* **Material shown**:
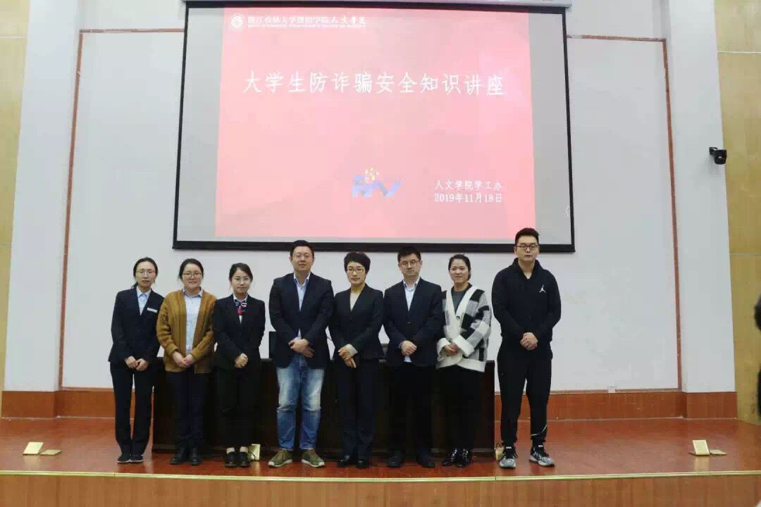针对近年来大学生群体面对各类诈骗案件时防范意识差、辨识能力弱、应对水平低的现象,2138acom太阳集团人文学院于2019年11月18日晚六点,在图书馆报告厅开展了大学生防诈骗安全知识讲座。讲座邀请了中国邮政储蓄银行个人金融部经理楼俞妤,大唐支行行长王成侃,枫桥镇支行行长赵科,综合管理部经理陈震旦以及两位资深理财经理,三位综合柜员作为嘉宾。人文学院院长刘伯茹,党总支书记宣王威,学工办全体辅导员,团学学生干部及2019级学生等250余人出席本次讲座。
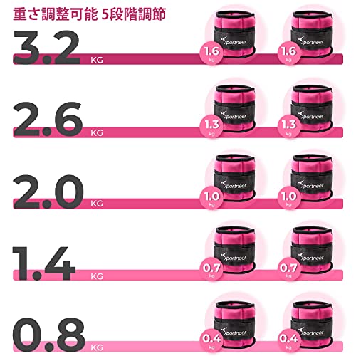 カラーも、女性好みの明るいピンクなど5食から選べます。運動中も長くしっかりと止めてくれるベルトがついて、重りの落下防止機能もついているため、安心してトレーニングできる商品です。
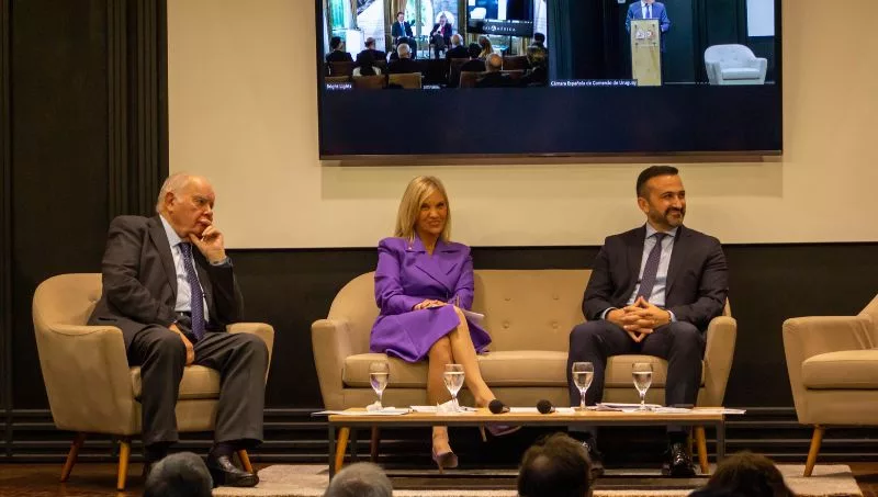 Bajo un formato híbrido y simultáneo, la Cámara Española de Comercio en Montevideo y Casa de América en Madrid fueron las sedes donde destacadas personalidades como la Vicepresidenta de la República, Beatriz Argimón, y el Secretario de Estado para Iberoamérica y el Caribe y el Español en el Mundo, Juan Fernández Trigo; se hicieron presentes para aportar su visión sobre este tema tan relevante como estratégico para la Unión Europea y el Mercosur.
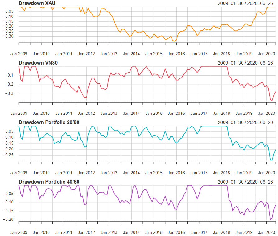 Hai danh mục 20/80 và 40/60 có thể thấy rằng, nếu tỷ trọng của vàng trong danh mục càng lớn thì drawdown càng thấp. Như Danh mục 20/80, drawdown trung bình tầm 15%, maximum drawdown là 29%. Trong khi đó danh mục 40/60 thì trung bình tầm 10%, maximum drawdown hiện tại là 20%.
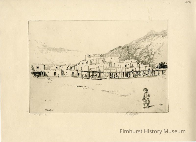 Etching of an adobe village with a child in the right foreground. Signed and dated.
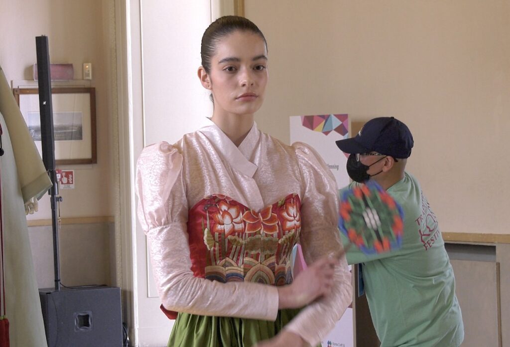 Attualmente il fenomeno della Korean Wave si sta diffondendo assieme al K-pop, all’abbigliamento coreano, eccetera. Noi stiamo facendo una mostra a Milano per la promozione dell’hanbok. In questo momento stiamo esponendo quattro diversi hanbok; abbiamo preparato abiti da matrimonio e da sera sia maschili che femminili.

* **What you have to do**: Since the listing holds pictures, return everything else in it exactly and omit those.

* **Output**:
针对近年来大学生群体面对各类诈骗案件时防范意识差、辨识能力弱、应对水平低的现象,2138acom太阳集团人文学院于2019年11月18日晚六点,在图书馆报告厅开展了大学生防诈骗安全知识讲座。讲座邀请了中国邮政储蓄银行个人金融部经理楼俞妤,大唐支行行长王成侃,枫桥镇支行行长赵科,综合管理部经理陈震旦以及两位资深理财经理,三位综合柜员作为嘉宾。人文学院院长刘伯茹,党总支书记宣王威,学工办全体辅导员,团学学生干部及2019级学生等250余人出席本次讲座。
 カラーも、女性好みの明るいピンクなど5食から選べます。運動中も長くしっかりと止めてくれるベルトがついて、重りの落下防止機能もついているため、安心してトレーニングできる商品です。
 Bajo un formato híbrido y simultáneo, la Cámara Española de Comercio en Montevideo y Casa de América en Madrid fueron las sedes donde destacadas personalidades como la Vicepresidenta de la República, Beatriz Argimón, y el Secretario de Estado para Iberoamérica y el Caribe y el Español en el Mundo, Juan Fernández Trigo; se hicieron presentes para aportar su visión sobre este tema tan relevante como estratégico para la Unión Europea y el Mercosur.
 Hai danh mục 20/80 và 40/60 có thể thấy rằng, nếu tỷ trọng của vàng trong danh mục càng lớn thì drawdown càng thấp. Như Danh mục 20/80, drawdown trung bình tầm 15%, maximum drawdown là 29%. Trong khi đó danh mục 40/60 thì trung bình tầm 10%, maximum drawdown hiện tại là 20%.
 Etching of an adobe village with a child in the right foreground. Signed and dated.
 Attualmente il fenomeno della Korean Wave si sta diffondendo assieme al K-pop, all’abbigliamento coreano, eccetera. Noi stiamo facendo una mostra a Milano per la promozione dell’hanbok. In questo momento stiamo esponendo quattro diversi hanbok; abbiamo preparato abiti da matrimonio e da sera sia maschili che femminili.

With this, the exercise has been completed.